Scientists Just Reprogrammed Mice to Live Longer. Humans May Be Next.

cute white laboratory rat in the hands of a researcher
Scientists Reprogramming Mice to Live LongerOlena Kurashova - Getty Images
  • The concept of reprogramming genes has been buzzworthy in scientific circles for over a decade.

  • A San Diego biotech company now claims it extended the life of mice 7 percent longer with gene reprogramming.

  • Gene reprogramming is ripe for inviting cancer.


Scientists just extended the life of mice 7 percent thanks to gene reprogramming, according to a new paper released by the San Diego biotech company Rejuvenate Bio.

The concept of gene reprogramming has enticed the scientific community for over a decade. It even led to a 2012 Nobel Prize for Japanese biologist Shinya Yamanaka. From there, the idea went to the laboratory. Then to mice. After rodents, could humans be next in the great search for a longer life?

Gene reprogramming exposes individual cells to proteins active in early-stage embryos, essentially working to turn old cells into something youthful, akin to a stem cell.

In the Rejuvenate Bio effort—the company published a paper that hasn’t yet been peer-reviewed and was noted for a lack of documentation on which cells were changed—the mice given the treatment were equivalent to a 77-year-old human (about 124 weeks old in mice years). The treated mice lived an extra 9 weeks, on average, beyond the control mice—good for a 7 percent increase in life.
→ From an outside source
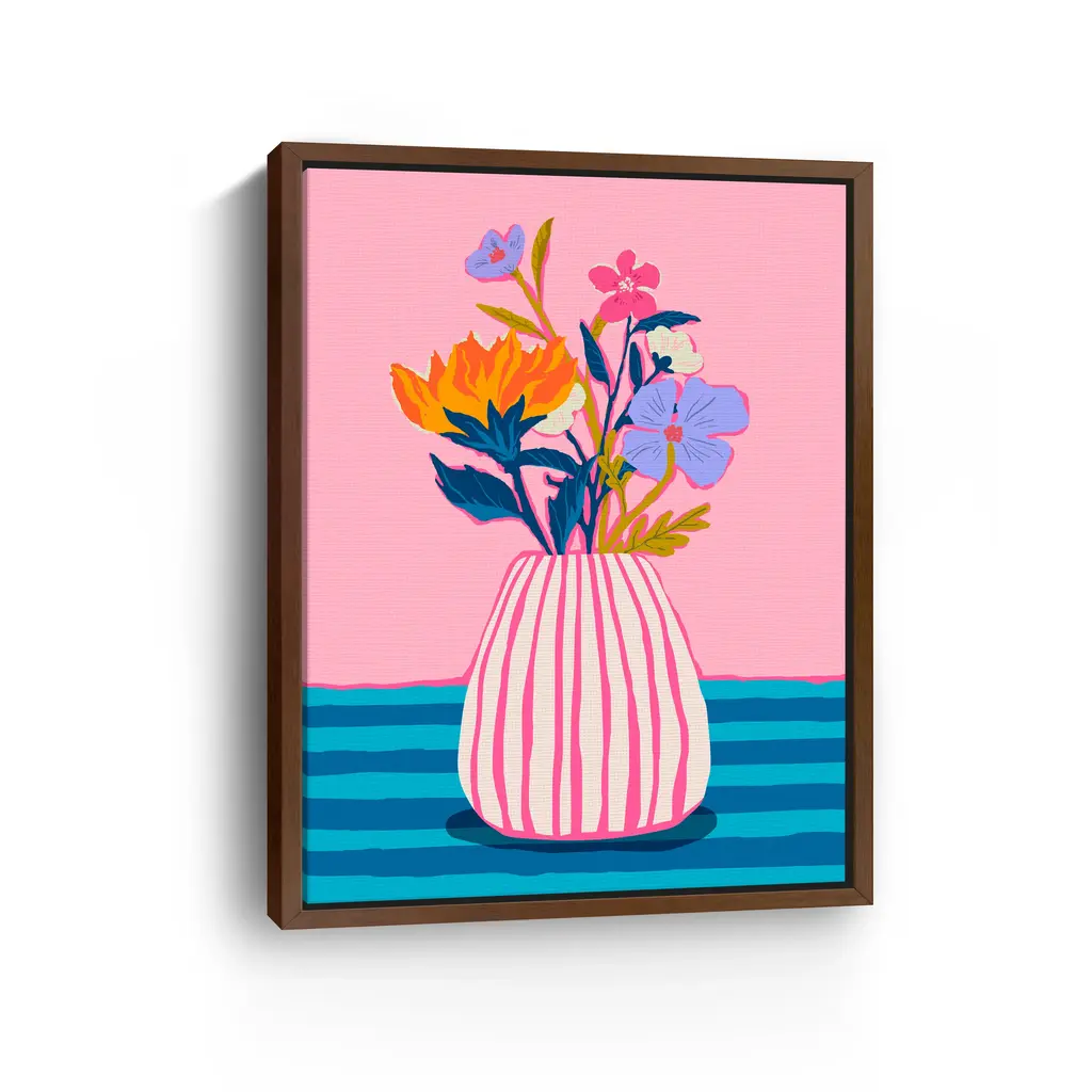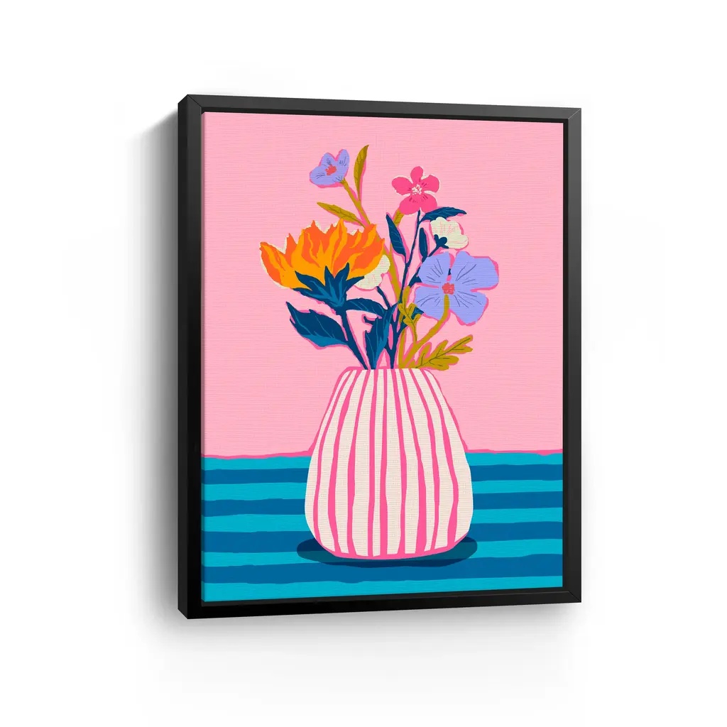 This vibrant canvas print showcases a stylized potted plant in bold pinks, oranges, and lavenders, set against a light pink backdrop and grid-patterned surface. Its clean lines and joyful colors bring a fresh, contemporary vibe to any room. Our Gallery Wrap Canvas Prints are proudly assembled with high quality materials in California, USA. Each piece is printed on a thick, archival grade canvas using Giclee technology. It is then hand-stretched by our experienced artisans over solid wood bars, which will not warp over time. The final product is a piece personally crafted for you to confidently display on your wall. Care and Assembly: Ensure that the location of your piece has little to no exposure to heat, sunlight, and moisture. Wipe clean, only if needed. Each piece includes hanging hardware to hang on your wall vertically.
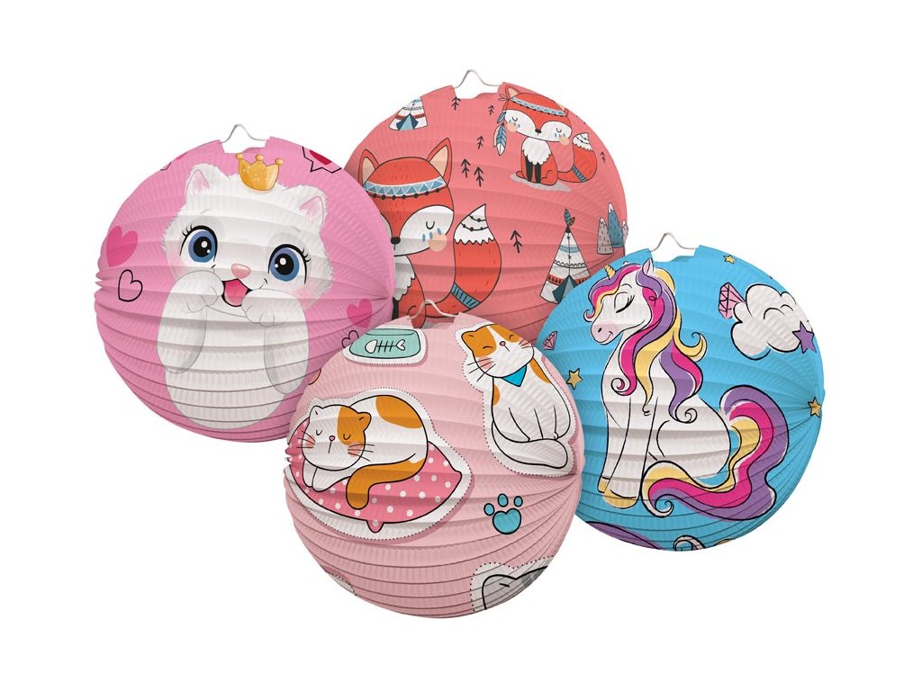 Papírový kulatý lampion barevný s obrázky. Vhodná dekorace na party, lampionový průvod, zahradní slavnost, karneval, oslavu narozenin nebo jen tak na zavěšení do dětského pokojíčku. Vyberte si svůj lampion a udělejte z běžného večera kouzelný.Lampion je z nehořlavého papíru a má držák na svíčku nebo žárovku. Lampion je bez hůlky a světýlka. Lampion má poutko na zavěšení.

The experiment also produced a near-immediate effect.

“This is a powerful technology, and here is the proof of concept,” Noah Davidohn, chief scientific officer of Rejuvenate, told MIT Technology Review. “I wanted to show that it’s actually something we can do in our elderly population.”

Gene reprogramming is still a nascent—and divisive—field. Early research was, of course, limited to single cells. And mice have far fewer cells than a human. Expanding the concept to a human—with the upside of a 7 percent increase in life expectancy as our initial benchmark, no less—brings with it scale that increases risk.

Plus, manipulating cells opens the door for cancerous risks, already considered a common issue with the process.

“It’s a beautiful intellectual exercise,” Stanford University professor Vittorio Sebastiano told Technology Review, “but I would shy away from doing anything remotely similar to a person.”

Rejuvenate Bio will continue its research while other companies target their own experiments to specific cells. The future may find that gene reprogramming works well for some cells, giving a new tool against specific diseases. Of course, the future may show us quite a range when it comes to gene reprogramming.